When we write, we build worlds. We name places, people, and things. Some writers seem to have a real knack for names. What’s the secret? Etymology.

Etymology is the study of the history of words. Familiarize yourself with etymology and you’ll find names that work for the people, places, and objects of your novel on multiple levels. Etymology is what makes a name feel right.

J.K. Rowling, whether by design or instinct, is very good with etymology, often marrying French, Old English, and Latin to create the words of her world. Let’s look at two of my favorites, with much help from the Harry-Potter-specific etymology resource, “What’s in a Name?”.

Albus Dumbledore. Albus is latin for white, while Dumbledore is Old English for bumblebee. According to WiaN, J.K. said it “seemed to suit the headmaster, because one of his passions is music and I imagined him walking around humming to himself.” I would also humbly submit that like a bumblebee, Dumbledore is always busy, always working, usually with a false demeanor of fuzzy, harmless bumblyness to distract his enemies from his sharp sting.

Sirius Black. Black is obvious, of course. Sirius is the Dog Star, but also Greek for scorching. The Dog Days marked by the rise of Sirius, usually July 3- August 11, is noted as the hottest and most unwholesome time of year (via Etymonline). NO reason why I mention that, of course.

All fangirling aside, Sirius Black is one of my favorite literary names of all time. It’s fun to say, and it says exactly who the character is. So how do you build a name like Sirius Black or Albus Dumbledore? Well, baby name books are all well and good, but most of them are categorized alphabetically, NOT by meaning. Fortunately, online baby name generators are often more flexible.  Parents Connect lets you search by meaning, and was the only name generator that passed my test- I searched for “dog” as a meaning (obviously names that mean “lovely” or “strong” are going to be a dime a dozen) and Parents Connect was the only site that delivered correct results, yielding Caleb (dog, heart) and Maelgwyn (defender, prince, dog of battle).

Or, if you want to create a name, as opposed to just finding one (nothing wrong with either), look to an etymology dictionary. My favorite by far is Etymonline as I find it the most comprehensive.
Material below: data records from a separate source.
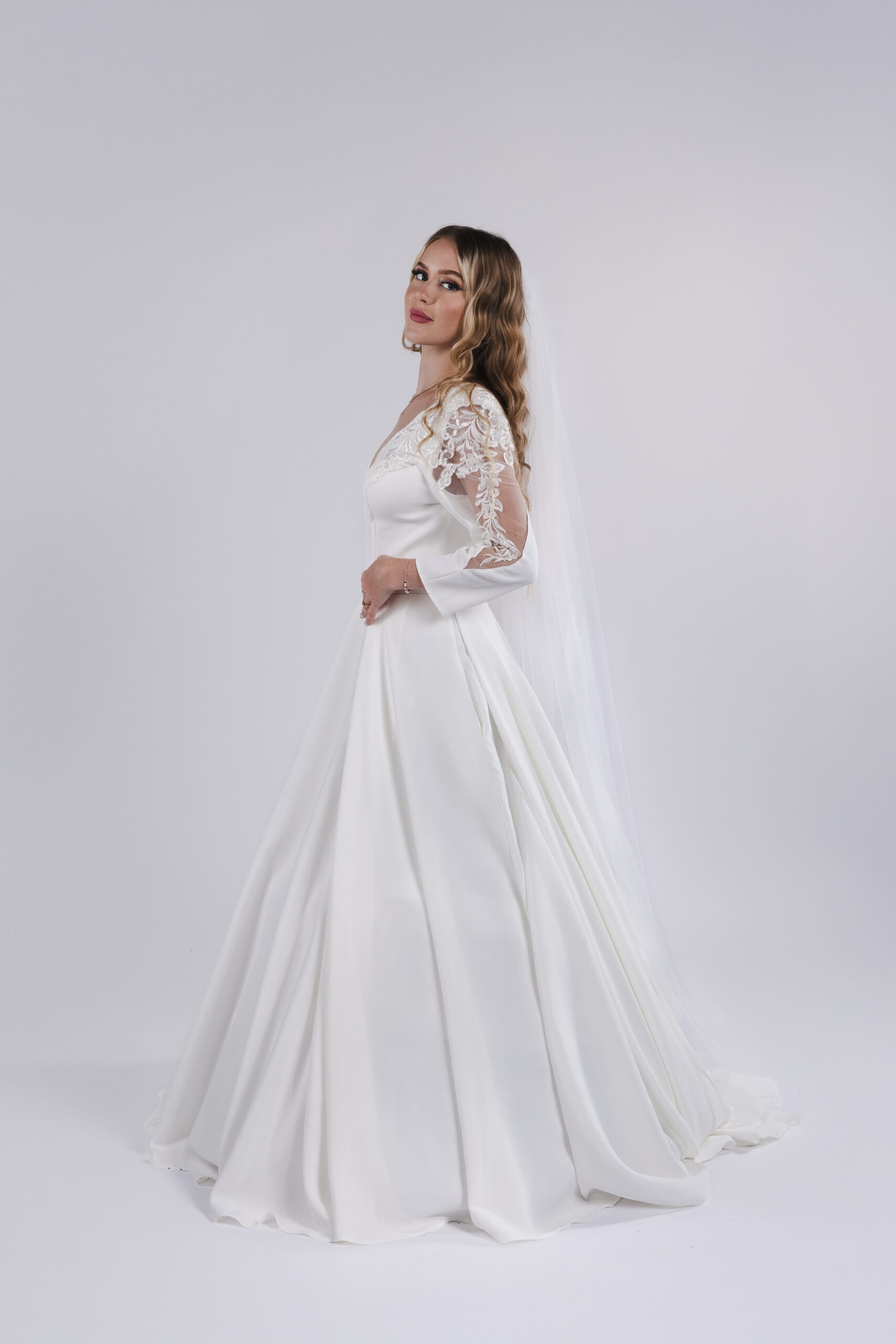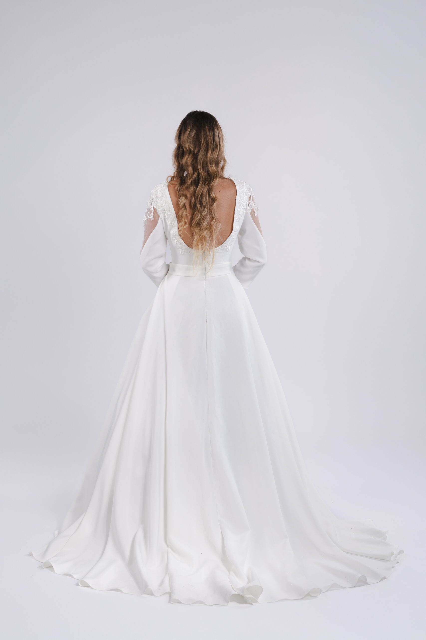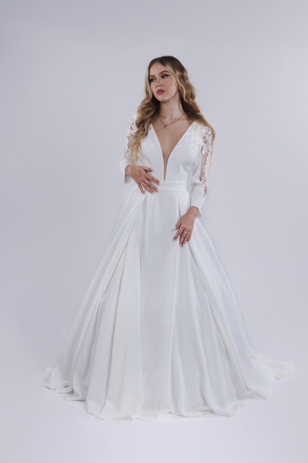Splývavé svatební šaty DENISA s rukávy. Střih tvaru A, na zádech zip, krajkové vsadky na rukávech.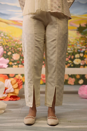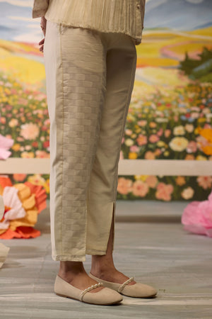 • Lumina checkered pants, crafted from fine chanderi, featuring a subtle checkered pattern that adds depth and texture. With their sleek straight fit, these pants offer effortless styling, perfect for a chic, easygoing look.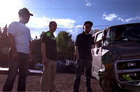 2003年の9月から10月にかけて、イースタンユースはアメリカ合衆国全土をまわるツアーを敢行した。カーシヴとブラッド・ブラザーズに帯同し、30ヵ所にものぼる全米各地の会場を、メンバー自身が運転するバン1台で長距離移動しながら、連日連夜ステージに立ち続けるという強行軍。過去にUSツアーを行なった日本のバンドが全くいないわけではないが、これだけ本格的な「ロード」に挑戦したのは間違いなく彼らが初めてだろう。しかも旅の中盤を過ぎたところで、ハイウェイを走行中に突如バンの前輪シャフトが折れ、横転した後、真っ逆さまになって数百メートルも滑走するという大事故に遭遇。このタフな経験は、彼らに何をもたらしたのか? あらためて振り返ってみたうえで、さらに現在の心境と新たな年への意気込みを語ってもらった。 「定期的にヒドい目に遭った方がいいと思ってる。ヒドい目イコール充実みたいに俺は捉えているので。やる時は気が重いけど、恐れずにどんどん勢いでやっちゃわないと、固まってきちゃうと思うんでね」 最初に、今回これだけ大規模なアメリカ・ツアーに行くことになった経緯についてお聞きしたいのですが。まず02年にカーシヴとのスプリット作品がリリースされて、その流れで彼らと一緒にUSツアーおよび来日公演を行なう計画だったのが、先方の病気のために急遽中止になってしまったということがありましたよね。 吉野:そう、その時は西からシカゴにかけての行程だったんだけどダメになっちゃって、それをカーシヴの人たちが気にしててくれたわけ。で、彼らも復活してアルバムを出して、でっかいツアーをやるから一緒にしない?って言ってきて。で、「おお、やるやるやる」っつって、やることにしたんです。 結果的に、ずいぶん規模が大きくなりましたよね。 吉野:もう向こうまかせ。これが普通、このぐらいの日程は当たり前みたいですよ。 じゃあ、もうこれが当然な感じでスケジュールが出てきて? 吉野:そっちのペースに合わせますよっつったら、こんなになっちゃった。これでも半分くらいしか参加してないからね。(イースタンユースが共同ツアーを離れてからも)この先またびっちりやってるから、彼らは。 で、日本に来て帰ってからまだ続ける、と。 吉野:そう。戻ってすぐまたやるって言ってたから。 イースタンにとっては、連日連夜20回以上っていうのは、過去さすがに経験ないことですよね。 吉野:ないですね。毎日だったもんね。 でも、それをやってみようと思わせたものは? 吉野:……いや、なんか……冒険心ですよ(笑)。どうせやるんだったら、現地の人と同じペースでやった方がいいだろうと思って。ヤツらができるなら俺らにもできるはずだと思ってね。 他のお二方はどうですか? 二宮:いや、もう、面白そうだなと思って。「任せますから」って言って、この日程を出されて、もう、ええ〜っていう場合じゃなくって、で、まぁ、やりますよっつって。 吉野:さすがにスケジュールきっちり出て、それから先どうこうはできんからね。だから考えないようにしてたもん、あんまり(笑)。 二宮:まぁ、キツいだろうなと思うよりも、むしろやってみたら面白いんじゃないかなっていう方が勝ってましたね。あらかじめ「このぐらいのペースになるかもしれないよ」みたいな話は聞いてたんで、覚悟はしてましたし。 田森:やっぱり、スケジュールを渡された時はびっくりしましたね。こんなに連チャンやったこともないですし、まるまる一ヵ月じゃないですか。だから、ずいぶん長いなあ、って。行ったことないところばっかだし。そりゃキツいなぁとは思いましたけど、レコーディングと違って、ちょっと気分的に楽な部分もあったんで、行く前はすごい楽しみでした。行ったら行ったで、予想以上に楽しかったですけどね(笑)。 最初はシカゴから入って……要するに東側の北の方から周り始めた感じですよね? 吉野:中西部ですね。 このツアー序盤はメンバー3人にスタッフ1人の計4人だけでやってたんですよね。 吉野:そうそう、平山さんと俺たち3人だけだったから。ここまでが俺、最高にキツかった。帰りたかったもんね。この後みんなと合流してから、なんかツツーっと抜けたけど、それまでは1日1日すっげぇ苦しかったなぁ……もう街の名前見るだけでムカっと来るもんね。 特にバッファローは「魔の地」と呼ばれてるそうですけども。 吉野:ピークだね、俺はここが。クソは流れねぇしさ。楽屋の便所に戸はねぇし、めちゃめちゃだったな(笑)。 戸はない上に流れないんですか(笑)。 吉野:アコーディオンカーテンみたいのがあって、出番ギリギリにどうしようかなと思ったんだけど、ダメだやっぱりしとこうと思って、したのが悪かったんだよねぇ。水の溜まりが異常に遅かったわけ。そしてもう探しに来るしさ。どこ行ったどこ行ったってなってて。ヤベーもう流れねぇから頼むわ次の人流して、と思って。で、出たんだけど機材はブッ壊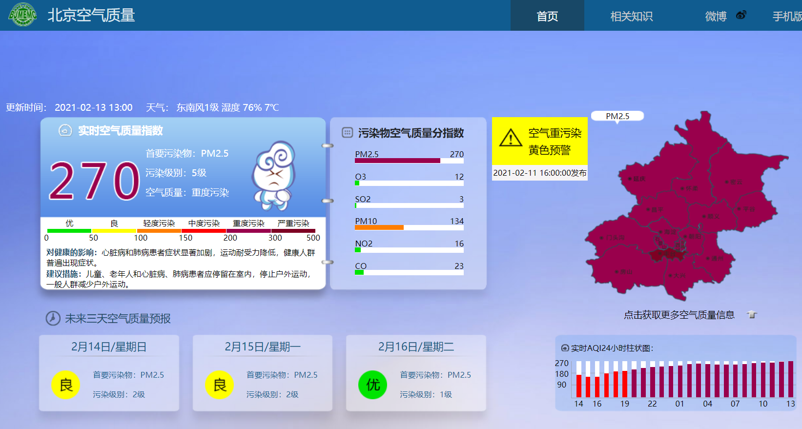 另据北京市生态环境监测中心官方今日13:00更新的数据显示,实时空气质量指数为270,污染级别为5级,空气质量为重度污染。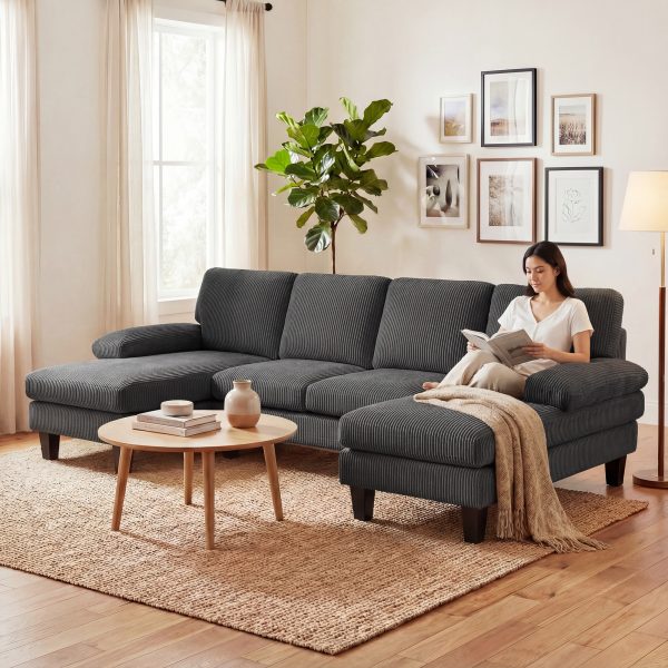 - Luxury Comfort: Crafted with a 6.3″ thick seat with 28 kg/m³ high-density original foam and pocket springs, plus soft corduroy upholstery, this sectional sofa delivers optimal support without sagging and a cozy, enveloping feel for relaxing family time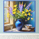 Arte Buquê Amarelo Azul Púrpura Capture tranquilidade com esta serena e estilizada aquarela, vida morta de flores em um vaso com delicadas flores em blues, amarelos e roxas. Perfeito para arte de parede e cartões de saudação.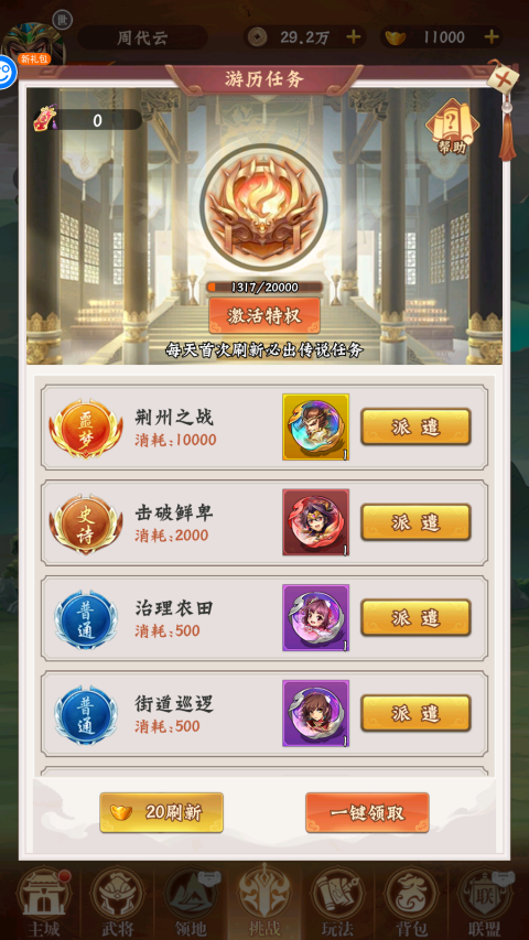 1、派遣任务每天0点自动刷新,分为简单,普通,困难,史诗,传说,噩梦六个级别,级别越高奖励越丰富,可消耗元宝进行任务奖励刷新。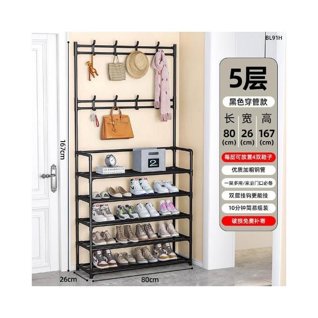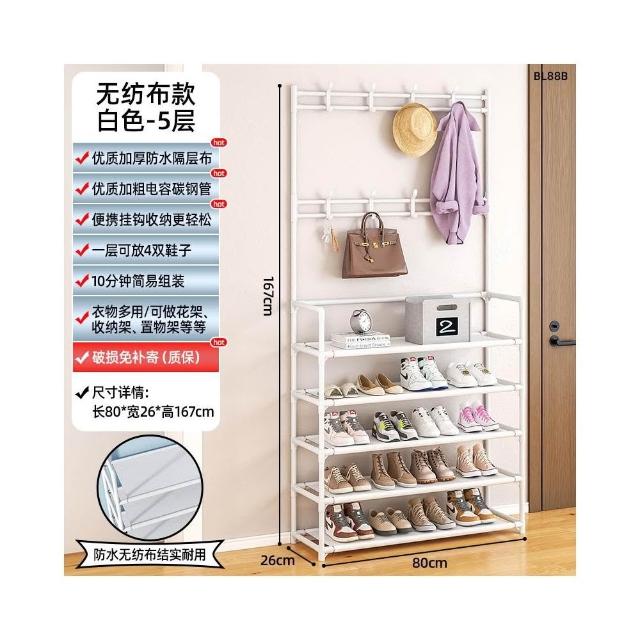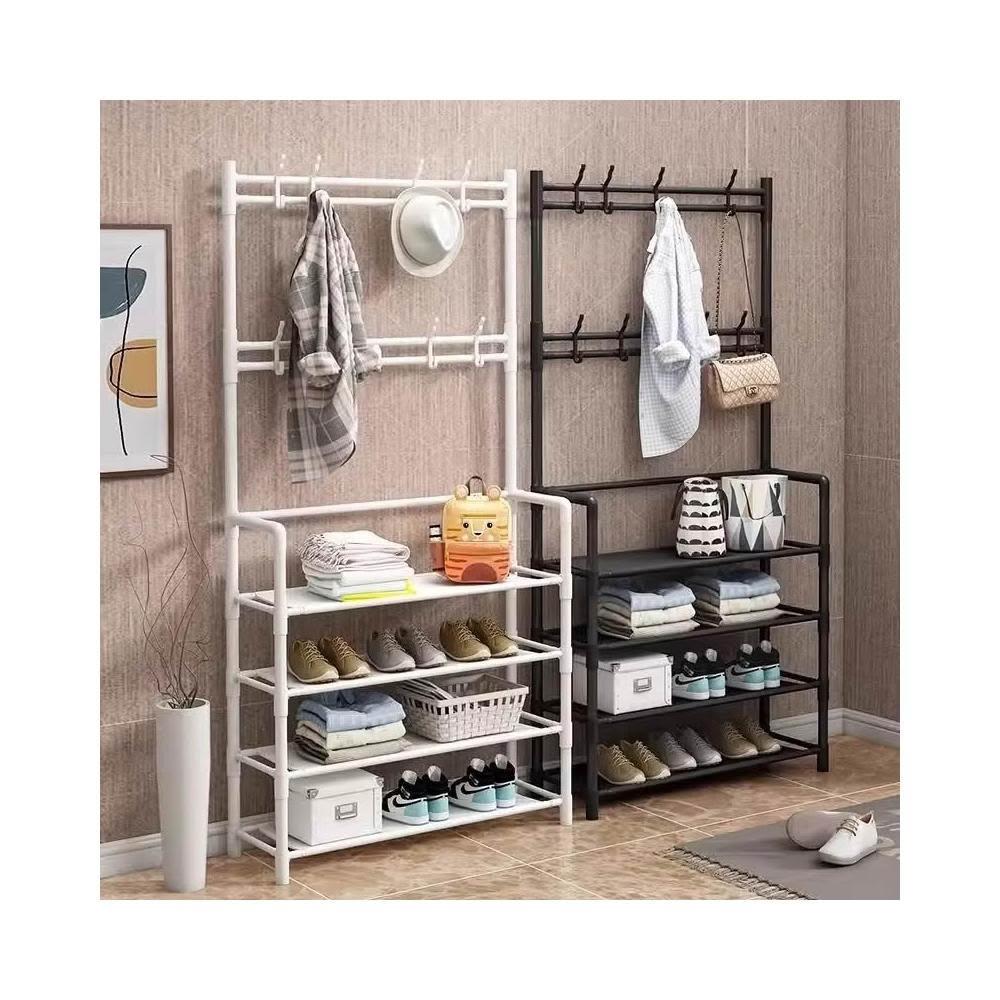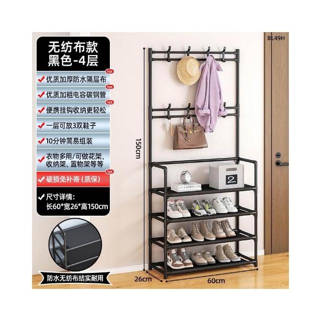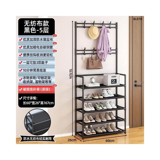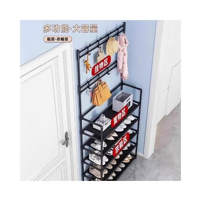 入戶鞋架子家用門口簡易多層新款出租房用鞋櫃一體掛衣置物架鞋架

There are others out there, but most of them are fun-fact oriented, rather than research oriented.

Say you want to name your protagonist’s home town, a sleepy burg where nothing ever happens. Think of a word that describe that place. For instance, Safe. Plug in safe to the etymonline search engine and you get a cornucopia of hits, everything relating to the history and meanings of safe, from harem to baseball. I like the little town of Gesund, personally, to me it sounds like a sturdy hamlet, but you may prefer Kiester or Sarvah or Hunk. Or Gesundhunkiester. If nothing seems exactly right, copy down what you like, pick another word, and give it a whirl. Play wordsmash until you get just what you want. It’s a lot of fun, you learn new things, and in the end you wind up with a name that means exactly what you want it to.